Migrating from WordPress to Astro with OpenAI
I finally got around to move this blog from Wordpress to more modern solution. This has been a long time in making. I ended up using Astro as the framework. With little bit of help from bolt.new, the framework for the blog was ready in no time.
The main issue was with migrating the existing content from the Wordpress to Astro. The amount of content was pretty small and I only wanted to migrate the blog posts themselves. I wanted to keep similar urls so that I could map the the old ones to the new ones with HTTP 301.
I had already previously made an XML dump of of the Wordpress site. Main task was to go through that XML, extract the blog posts, ignore drafts, convert them to Markdown and create the files.
For the one-off migration I needed just a quick and dirty solution, so I ended up asking for help from ChatGPT. I uploaded the XML file there and asked it to generate me a script for migration. ChatGPT figured out the XML structure and picked the rights parts. I decided to outsource the conversion of the post content to Markdown to ChatGPT via the OpenAI API. This worked out pretty well.
The old url structure on my sites was
https://myblog.com/{category}/{post-slug}
On the new site I wanted to have
https://mynewblog.com/blog/{post-slug}
The code picked the slug from the XML file and created the Markdown content using the slug as filename.

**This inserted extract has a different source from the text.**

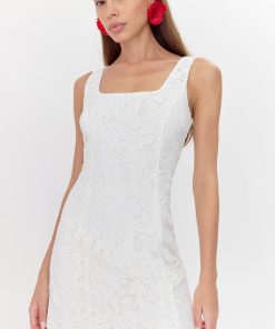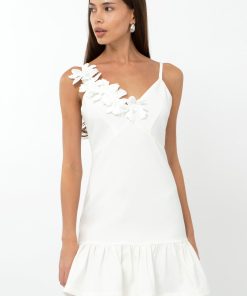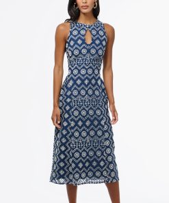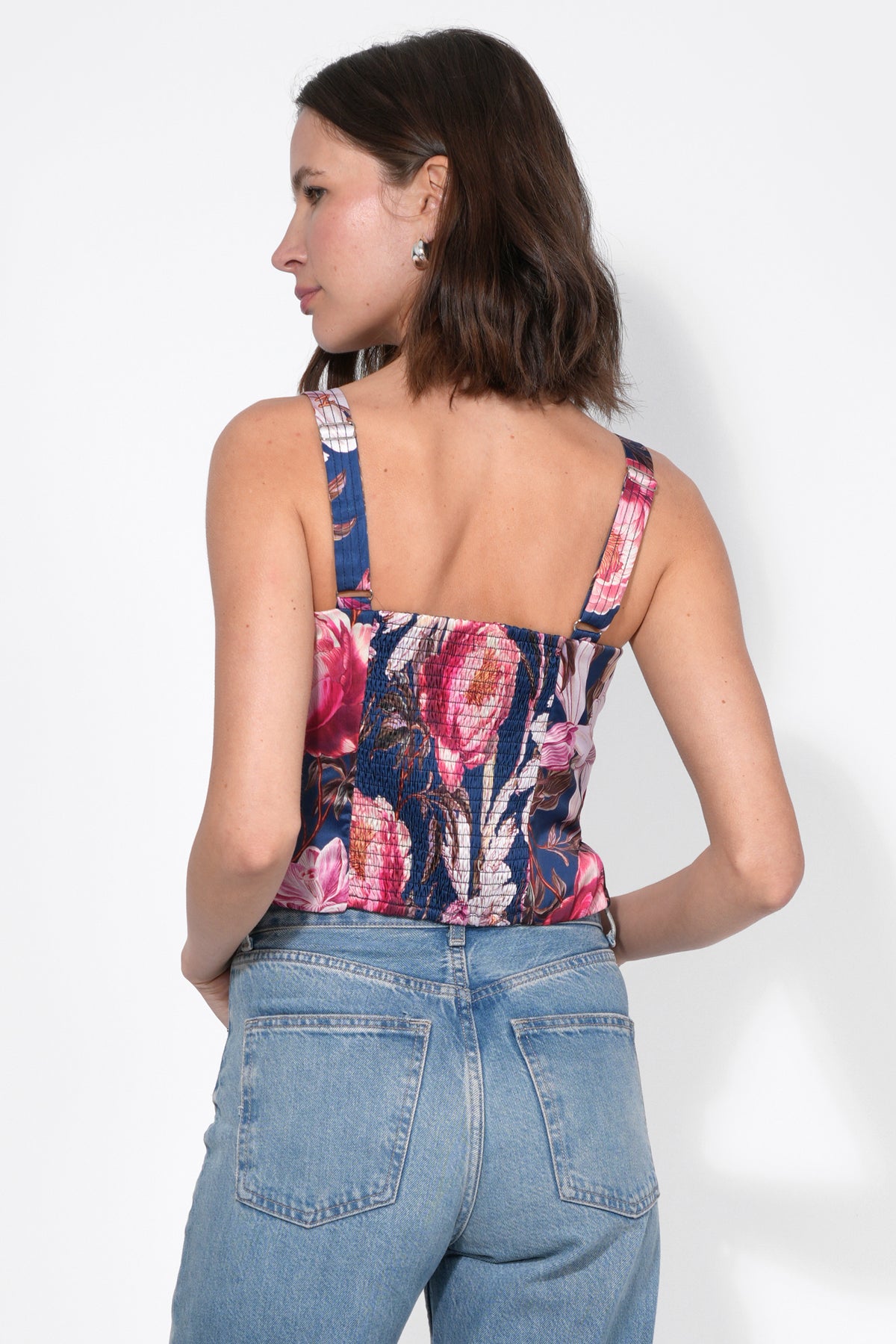 It is crafted from a smooth, lightweight fabric featuring a beautiful floral print with large pink and white blossoms against a navy background. The top has a flattering square neckline and wide straps with delicate pleat details.

Sample script for the conversion. It aint pretty but it got the job done. The only external dedendency is the OpenAI Python SDK.
uv add openai
import os
import xml.etree.ElementTree as ET
from openai import OpenAI
# Configure OpenAI client
client = OpenAI()
# Function to clean and format filenames
def get_filename_from_link(link):
if link:
return link.split("/")[-2] + ".md"
return "unknown.md"
# Function to convert HTML content to Markdown using OpenAI
def convert_to_markdown(title, content):
instructions = """
We are migrating a Wordpress blog to new platform. As part of the migration, we need to convert the existing blog posts from HTML to Markdown format.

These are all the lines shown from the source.